TO DO> Reproduce the lines below exactly. Skip images.
[DATA — start]
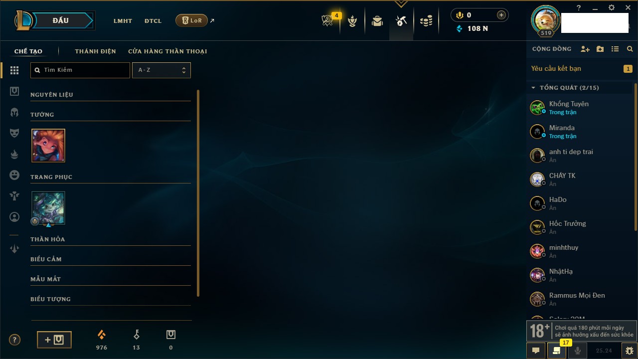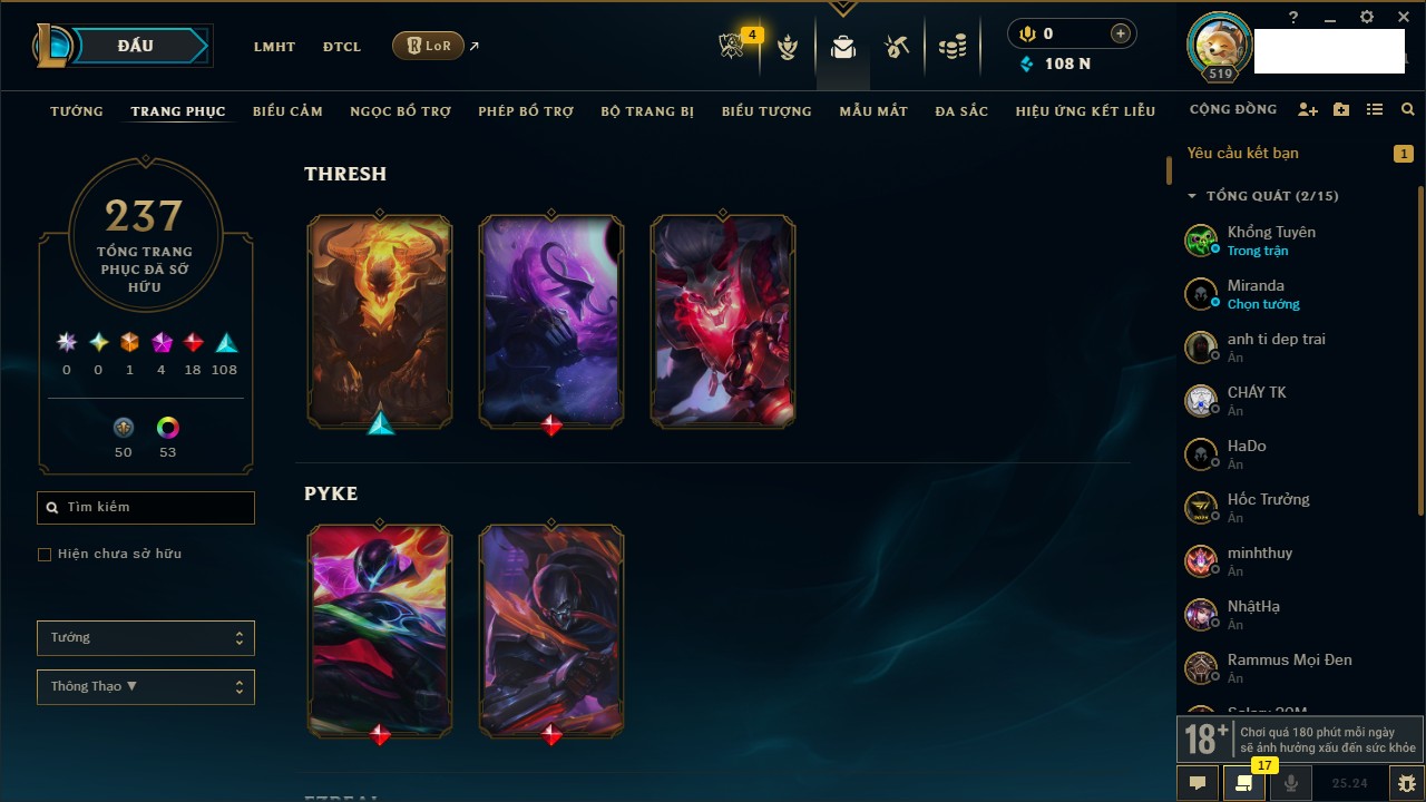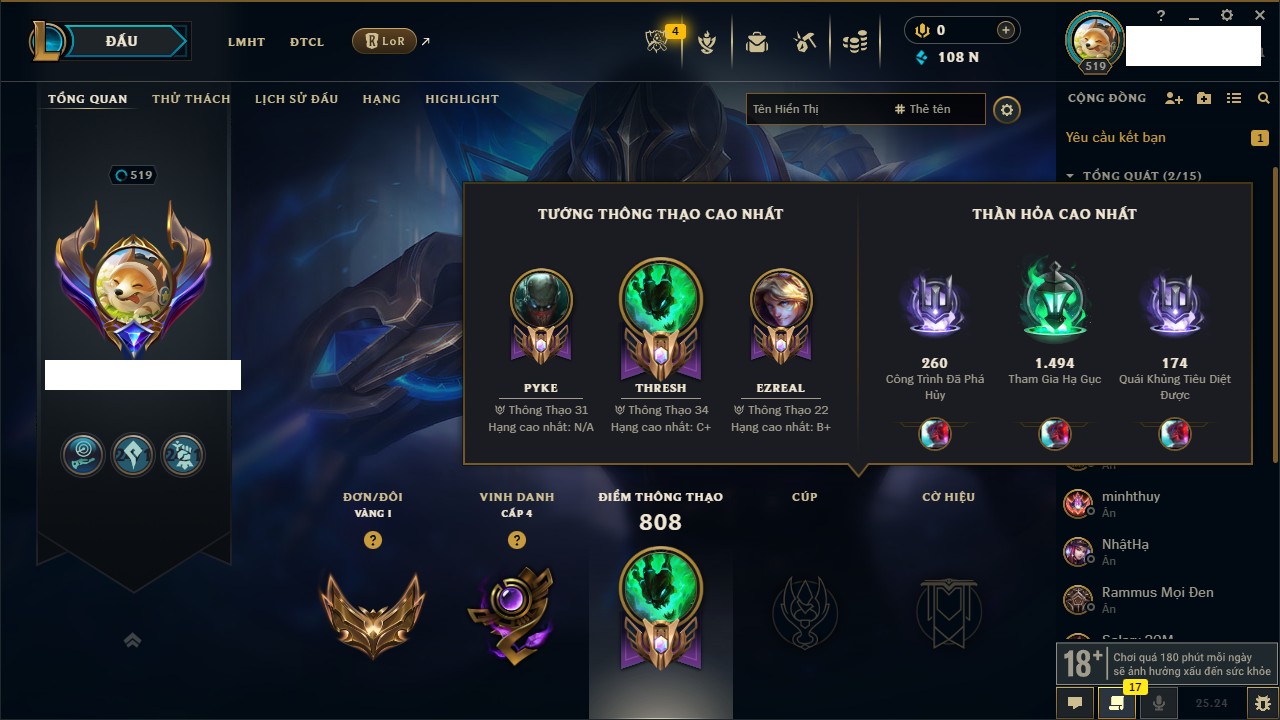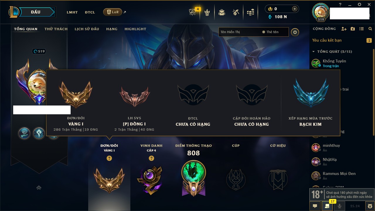 Rank Đơn: Vàng IKhung: Bạch kimTướng: 172 - Còn 108407 THXTrang Phục: 237Rank ĐTCL: Chưa RankLinh Thú: 44
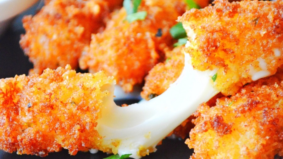 اغمسي اعواد الموزاريلا اولا بخليط الفرينة ونشاء الذرة حتى تتغطى كل الجوانب
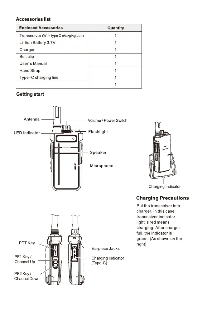 Retevis RB637 - Accessories and Getting Started; Enclosed Accessories; Device Components and Charging
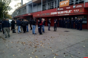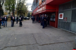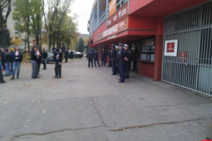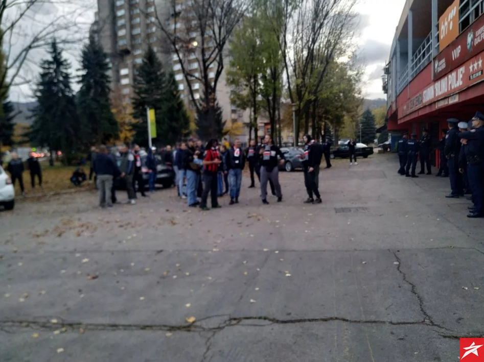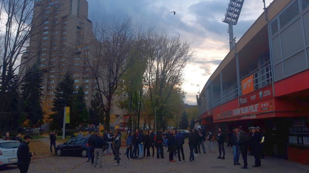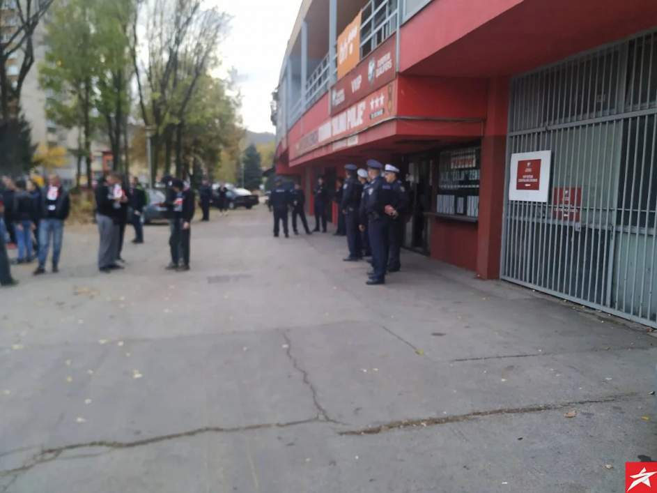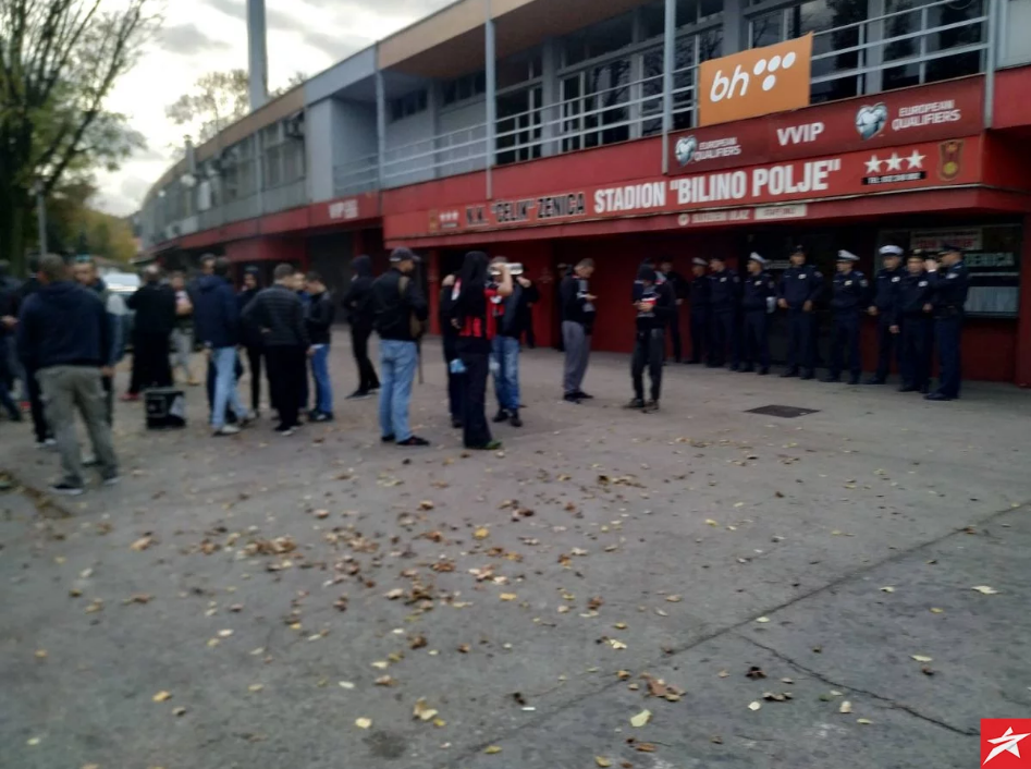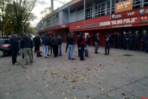 FOTO: Policija ispred stadiona, Robijaši žele objašnjenje – Najvatreniji navijači NK Čelik – Robijaši okupili su se pred stadionom Bilino polje. Oni su danas trebali da bodre svog tim na Grbavici protiv Željezničara, ali je utakmica otkazana zbog neisplaćenih dugovanja zeničkog tima i ovaj meč će Čelik izgubiti za zelenim stolom.
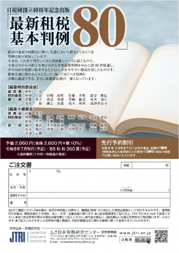| 内容 | 最新租税基本判例80 【先行予約割引受付中】※発刊次第発送いたします。 |
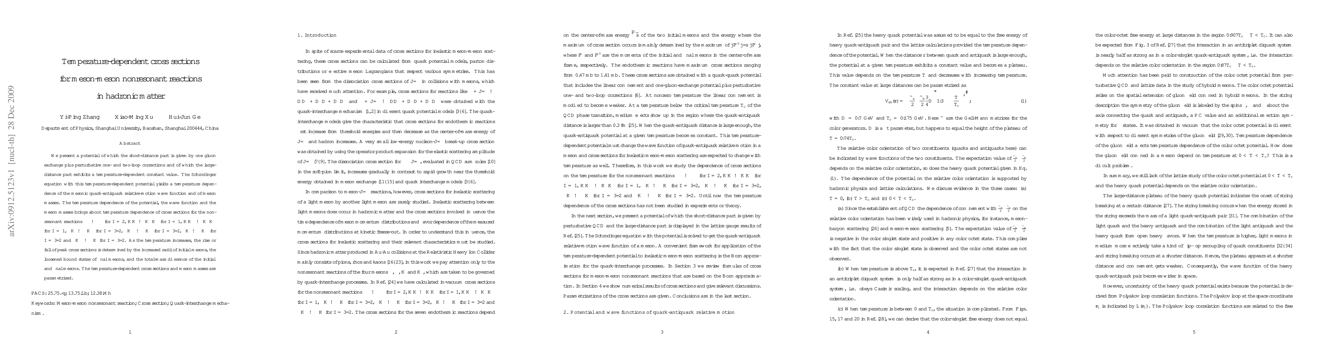 We present a potential of which the short-distance part is given by one gluon exchange plus perturbative one- and two-loop corrections and of which the large-distance part exhibits a temperature-dependent constant value. The Schrodinger equation with this temperature-dependent potential yields a temperature dependence of the mesonic quark-antiquark relative-motion wave function and of meson masses. The temperature dependence of the potential, the wave function and the meson masses brings about temperature dependence of cross sections for the nonresonant reactions pi pi -> rho rho for I=2, KK -> K* K* for I=1, KK* -> K* K* for I=1, pi K -> rho K* for I=3/2, pi K* -> rho K* for I=3/2, rho K -> rho K* for I=3/2 and pi K* -> rho K for I=3/2. As the temperature increases, the rise or fall of peak cross sections is determined by the increased radii of initial mesons, the loosened bound states of final mesons, and the total-mass difference of the initial and final mesons. The temperature-dependent cross sections and meson masses are parametrized.
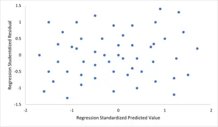 - Varianță constantă. Aceasta înseamnă că varianța erorilor nu depinde de valorile variabilelor predictoare. Astfel, variabilitatea răspunsurilor pentru valori fixe date ale predictorilor este aceeași, indiferent de cât de mari sau mici sunt răspunsurile. Acesta nu este adesea cazul, deoarece o variabilă a cărei medie este mare va avea de obicei o varianță mai mare decât una a cărei medie este mică. De exemplu, o persoană al cărei venit anual este estimat a fi de 100.000 de lei poate avea cu ușurință un venit real de 80.000 de lei sau 120.000 de lei — adică o abatere standard de aproximativ 20.000 de lei — în timp ce o altă persoană cu un venit anual estimat de 10.000 de lei este puțin probabil să aibă aceeași abatere standard de 20.000 de lei, deoarece aceasta ar presupune că venitul lor real ar putea varia între −10.000 de lei și 30.000 de lei. (De fapt, după cum arată acest lucru, în multe cazuri — de multe ori aceleași cazuri în care ipoteza erorilor distribuite normal eșuează — varianța sau abaterea standard ar trebui prezisă a fi proporțională cu media, decât drept constantă.) Pentru a verifica această ipoteză, o diagramă de reziduuri în raport cu valorile prezise (sau valorile individuale ale fiecărei predictoare) poate fi examinată pentru un „efect de ventilare” (adică, creșterea sau scăderea distribuției verticale pe măsură ce se deplasează de la stânga la dreapta pe diagramă) . Un grafic al reziduurilor absolute sau pătrate în raport cu valorile prezise (sau cu fiecare predictoare) poate fi, de asemenea, examinat pentru o tendință sau o curbură. În unele cazuri, este posibil să se rezolve problema prin aplicarea unei transformări variabilei de răspuns (de exemplu, potrivirea logaritmului variabilei de răspuns folosind un model de regresie liniară, ceea ce implică faptul că variabila de răspuns în sine are o distribuție log-normală în loc de o distribuție normală).
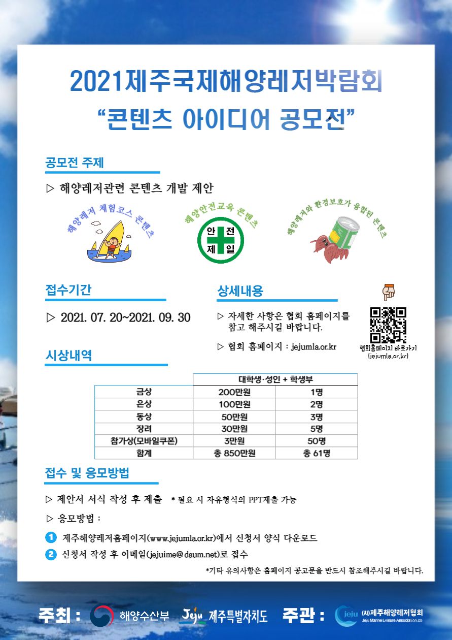 - 시상 일정 : 2021 제주국제해양레저박람회 개막식에 공모전 시상식 예정
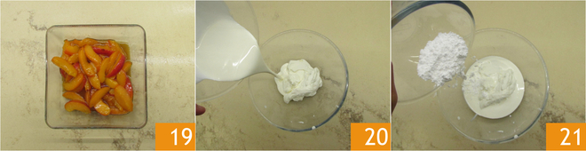 Die gesüßten Aprikosen beiseitestellen 19. In einer Schüssel die Sahne, den griechischen Joghurt 20 und den Puderzucker 21 geben.
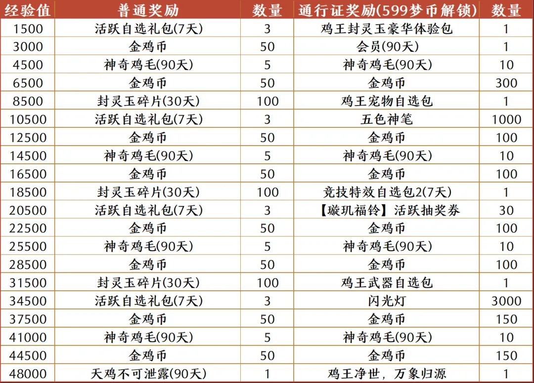 经验值奖励分为普通奖励与通行证奖励(消耗599梦三币解锁),包括鸡王换装体验包、金鸡币、五色神笔(春宴活动代币,可用于抽奖)、专属称号、福铃奖券、闪光灯、神奇鸡毛等。
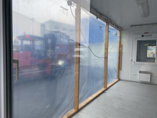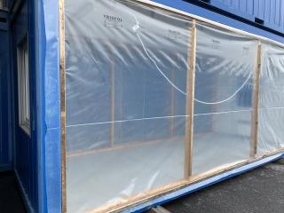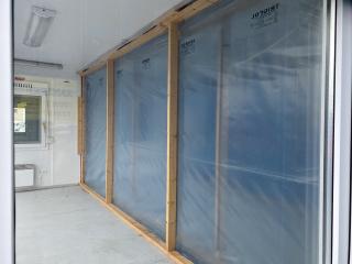Utrustad med element, takbelysning, 230 uttag, samt skydd för rutorna.
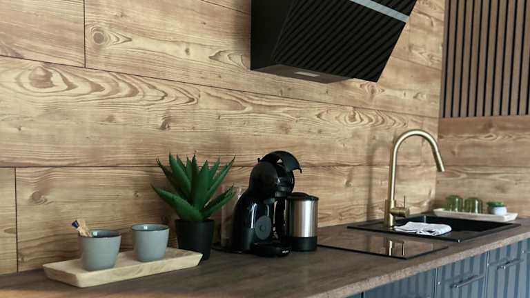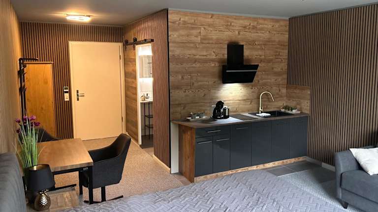 Die Unterkunft ist mit einer voll ausgestatteten Küche ausgestattet, welche eine Herdplatte und einen Wasserkocher beinhaltet.
[DATA — finish]
OUTPUT>
 Rank Đơn: Vàng IKhung: Bạch kimTướng: 172 - Còn 108407 THXTrang Phục: 237Rank ĐTCL: Chưa RankLinh Thú: 44
 اغمسي اعواد الموزاريلا اولا بخليط الفرينة ونشاء الذرة حتى تتغطى كل الجوانب
 Retevis RB637 - Accessories and Getting Started; Enclosed Accessories; Device Components and Charging
 FOTO: Policija ispred stadiona, Robijaši žele objašnjenje – Najvatreniji navijači NK Čelik – Robijaši okupili su se pred stadionom Bilino polje. Oni su danas trebali da bodre svog tim na Grbavici protiv Željezničara, ali je utakmica otkazana zbog neisplaćenih dugovanja zeničkog tima i ovaj meč će Čelik izgubiti za zelenim stolom.
| 内容 | 最新租税基本判例80 【先行予約割引受付中】※発刊次第発送いたします。 |
 We present a potential of which the short-distance part is given by one gluon exchange plus perturbative one- and two-loop corrections and of which the large-distance part exhibits a temperature-dependent constant value. The Schrodinger equation with this temperature-dependent potential yields a temperature dependence of the mesonic quark-antiquark relative-motion wave function and of meson masses. The temperature dependence of the potential, the wave function and the meson masses brings about temperature dependence of cross sections for the nonresonant reactions pi pi -> rho rho for I=2, KK -> K* K* for I=1, KK* -> K* K* for I=1, pi K -> rho K* for I=3/2, pi K* -> rho K* for I=3/2, rho K -> rho K* for I=3/2 and pi K* -> rho K for I=3/2. As the temperature increases, the rise or fall of peak cross sections is determined by the increased radii of initial mesons, the loosened bound states of final mesons, and the total-mass difference of the initial and final mesons. The temperature-dependent cross sections and meson masses are parametrized.
 - Varianță constantă. Aceasta înseamnă că varianța erorilor nu depinde de valorile variabilelor predictoare. Astfel, variabilitatea răspunsurilor pentru valori fixe date ale predictorilor este aceeași, indiferent de cât de mari sau mici sunt răspunsurile. Acesta nu este adesea cazul, deoarece o variabilă a cărei medie este mare va avea de obicei o varianță mai mare decât una a cărei medie este mică. De exemplu, o persoană al cărei venit anual este estimat a fi de 100.000 de lei poate avea cu ușurință un venit real de 80.000 de lei sau 120.000 de lei — adică o abatere standard de aproximativ 20.000 de lei — în timp ce o altă persoană cu un venit anual estimat de 10.000 de lei este puțin probabil să aibă aceeași abatere standard de 20.000 de lei, deoarece aceasta ar presupune că venitul lor real ar putea varia între −10.000 de lei și 30.000 de lei. (De fapt, după cum arată acest lucru, în multe cazuri — de multe ori aceleași cazuri în care ipoteza erorilor distribuite normal eșuează — varianța sau abaterea standard ar trebui prezisă a fi proporțională cu media, decât drept constantă.) Pentru a verifica această ipoteză, o diagramă de reziduuri în raport cu valorile prezise (sau valorile individuale ale fiecărei predictoare) poate fi examinată pentru un „efect de ventilare” (adică, creșterea sau scăderea distribuției verticale pe măsură ce se deplasează de la stânga la dreapta pe diagramă) . Un grafic al reziduurilor absolute sau pătrate în raport cu valorile prezise (sau cu fiecare predictoare) poate fi, de asemenea, examinat pentru o tendință sau o curbură. În unele cazuri, este posibil să se rezolve problema prin aplicarea unei transformări variabilei de răspuns (de exemplu, potrivirea logaritmului variabilei de răspuns folosind un model de regresie liniară, ceea ce implică faptul că variabila de răspuns în sine are o distribuție log-normală în loc de o distribuție normală).
 - 시상 일정 : 2021 제주국제해양레저박람회 개막식에 공모전 시상식 예정
 Die gesüßten Aprikosen beiseitestellen 19. In einer Schüssel die Sahne, den griechischen Joghurt 20 und den Puderzucker 21 geben.
 经验值奖励分为普通奖励与通行证奖励(消耗599梦三币解锁),包括鸡王换装体验包、金鸡币、五色神笔(春宴活动代币,可用于抽奖)、专属称号、福铃奖券、闪光灯、神奇鸡毛等。
Utrustad med element, takbelysning, 230 uttag, samt skydd för rutorna.
 Die Unterkunft ist mit einer voll ausgestatteten Küche ausgestattet, welche eine Herdplatte und einen Wasserkocher beinhaltet.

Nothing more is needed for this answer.